Menurutnya, pemerintah masih memberikan ruang bagi investor untuk menunjukkan itikad baik. Namun apabila tidak ada respons konkret, langkah hukum lanjutan akan disiapkan. Target pembongkaran, tegasnya, tetap menjadi prioritas.
Pengawasan Ketat dan Dugaan Pelanggaran Zonasi
Selama masa tenggat enam bulan tersebut, pengawasan dilakukan secara intensif oleh Satpol PP Provinsi Bali bersama Satpol PP Kabupaten Klungkung. Dewa Dharmadi memastikan proyek tidak dapat dilanjutkan karena telah melanggar sejumlah mekanisme perizinan dan aturan yang berlaku.
Lift kaca yang dirancang berdiri di salah satu tebing paling ikonik Bali itu juga memicu kekhawatiran publik. Selain persoalan tata ruang, muncul dugaan bahwa proyek tersebut berpotensi memonopoli panorama alam Kelingking Beach. Jika seluruh panel kaca terpasang, wisatawan dikhawatirkan hanya dapat menikmati sudut pandang tertentu melalui fasilitas yang dikelola pihak investor.
Di dalam bangunan tersebut juga direncanakan terdapat restoran bertingkat. Namun, detail rencana pembangunan disebut belum sepenuhnya tersosialisasi kepada masyarakat sekitar.

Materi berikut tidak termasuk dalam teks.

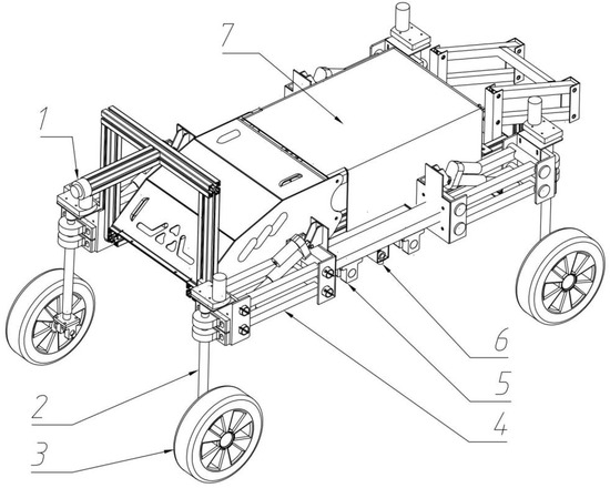 - This study designed a parameter-adaptive platform based on an independent pillar leg type, using dual parallelogram mechanisms to achieve the synchronous adjustment of the chassis ground clearance and wheelbase, using dual lead screw mechanisms to achieve the symmetrical adjustment of the wheelbase and using a leg pillar design to achieve the independent driving and steering of all four wheels. The results show that the platform has a maximum ground clearance adjustment range of 252–359 mm, a maximum wheelbase adjustment range of 700–850 mm, and strong obstacle-crossing capabilities based on soil ridges.
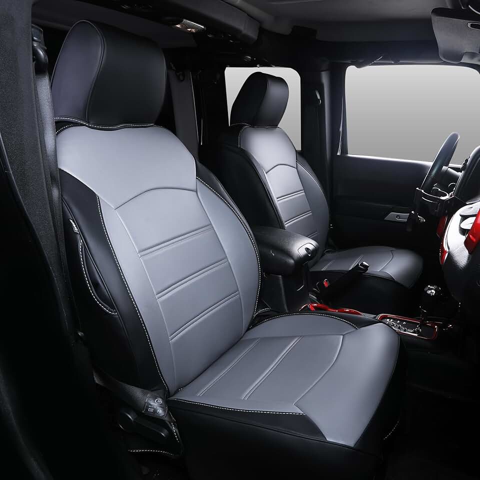 Custom Fit Car Seat Covers for Jeep Wrangler JK 4 Door 2013 2014 2015 2016 2017 Faux Leather Durable, Waterproof, and Pet-Friendly (Black+Gray)

Ancaman terhadap Keaslian Destinasi
Sorotan lain tertuju pada dampak lingkungan. Di kawasan pantai dilaporkan telah berdiri struktur beton di zona inti perikanan berkelanjutan—area yang seharusnya bebas dari bangunan permanen.
Pemerintah menilai keberadaan struktur tersebut berpotensi mengganggu keaslian lanskap tebing dan ekosistem sekitarnya. Kekhawatiran juga muncul terkait daya dukung tebing dalam jangka panjang.
“Jangan hanya dihitung dari sisi pendapatan. Keorisinilan destinasi harus dijaga agar tetap dapat dinikmati generasi mendatang sebagai ikon Nusa Penida dan Kabupaten Klungkung,” tegasnya.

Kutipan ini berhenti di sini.